"La productividad, en el fondo, es cuestión de darles a los recursos el uso más valioso posible". (Foto: El Comercio)
"La productividad, en el fondo, es cuestión de darles a los recursos el uso más valioso posible". (Foto: El Comercio)
Iván Alonso

A estas alturas, las metáforas futbolísticas sirven para ilustrar, sobre todo, la falta de imaginación de sus autores. Puede ser nuestro caso también, aunque lo que estamos a punto de usar no es tanto una metáfora como un ejemplo.

Dice un famoso economista que, en el largo plazo, la productividad es todo o casi todo, en materia de , se entiende. Las primeras teorías del crecimiento se enfocaban en la acumulación de capital. En 1957 Robert Solow demostró que eso no terminaba de explicar la magnitud del crecimiento, que una vez contabilizada la acumulación de capital quedaba un residuo y que ese residuo se debía a que los factores de producción (no solamente el capital, sino también el trabajo) se hacían cada vez más productivos. De allí el rimbombante nombre de “productividad total de factores”.

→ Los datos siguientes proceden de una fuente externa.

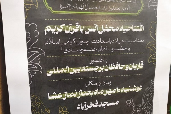 محفل قرآنی مسجد فخرآبادبه گزارش خبرنگار ایکنا، مسجد فخرآباد واقع در محله دروازه شمیران و میدان ابن‌سینای تهران، شب گذشته؛ دوشنبه 10 مهر و در آستانه سالروز میلاد باسعادت نبی مکرم اسلام؛ حضرت محمد(ص) و امام جعفر صادق(ع)، حال و هوای دیگری داشت، چرا که از روزها قبل نمازگزاران این مسجد برای برگزاری مراسم ویژه محفل انس با قرآن برای چنین شبی، وعده داده شده بودند و حال موعد آن رسیده بود که پس از اقامه نماز جماعت مغرب و عشا، شاهد این اتفاق باشند.

Desde entonces se ha asociado la productividad al progreso técnico, a la relación entre capital y trabajo (la cantidad de máquinas y herramientas de las que dispone cada trabajador) o al capital humano. Esto último es considerado hoy en día el elemento determinante por una mayoría de economistas, quién sabe porque coincide con las nociones modernas sobre el valor de la educación.

La adquisición de conocimientos y habilidades a través de la educación aumenta, sin duda, el potencial productivo de cualquiera. Pero hay algo más que la teoría no capta. Para realizar el potencial productivo se necesita que el trabajo de una persona esté dirigido a producir algo que tenga utilidad, algo para lo que haya demanda, y producirlo eficientemente. No todo el mundo tiene la capacidad de identificar qué es lo que puede producir o la mejor manera de hacerlo. No todo el mundo tiene, tampoco, la capacidad de dirigir bien el trabajo de otros.

La productividad nace no solamente de las habilidades propias del trabajador, que es lo que la educación puede darle, sino también de las indicaciones que reciba para utilizarlas correctamente, para coordinar las tareas de uno con las de otros, con la finalidad de obtener un mejor resultado. No es lo mismo Christian Cueva bajo la dirección de Ricardo Gareca que bajo la de algún otro entrenador de menor jerarquía. Saber dónde ubicarse en la cancha, hacia dónde correr o cuándo retroceder no es algo que inevitablemente acompañe al dominio de la pelota y la precisión de los pases.

La educación, por sí sola, no es suficiente para aumentar la productividad. Se requiere además que el mercado laboral funcione eficientemente. Los trabajadores informales no son informales solamente por tener habilidades menos desarrolladas que otros, sino principalmente porque la legislación laboral, en su afán de proteger al trabajador, hace más difícil, menos probable, su contratación por parte de quienes pueden extraer todo su potencial. Porque todo su potencial no alcanza quizás para pagarles el sueldo mínimo más todos los beneficios sociales. O porque el potencial es algo por descubrir, y nadie se anima a intentarlo cuando el despido se castiga con la reposición.

La productividad, en el fondo, es cuestión de darles a los recursos el uso más valioso posible. Los mercados libres conducen generalmente a una mayor productividad porque ayudan a encontrar, mediante el ensayo y error, cuáles son esos usos y cómo van cambiando en el tiempo. Por eso la reforma laboral es urgente.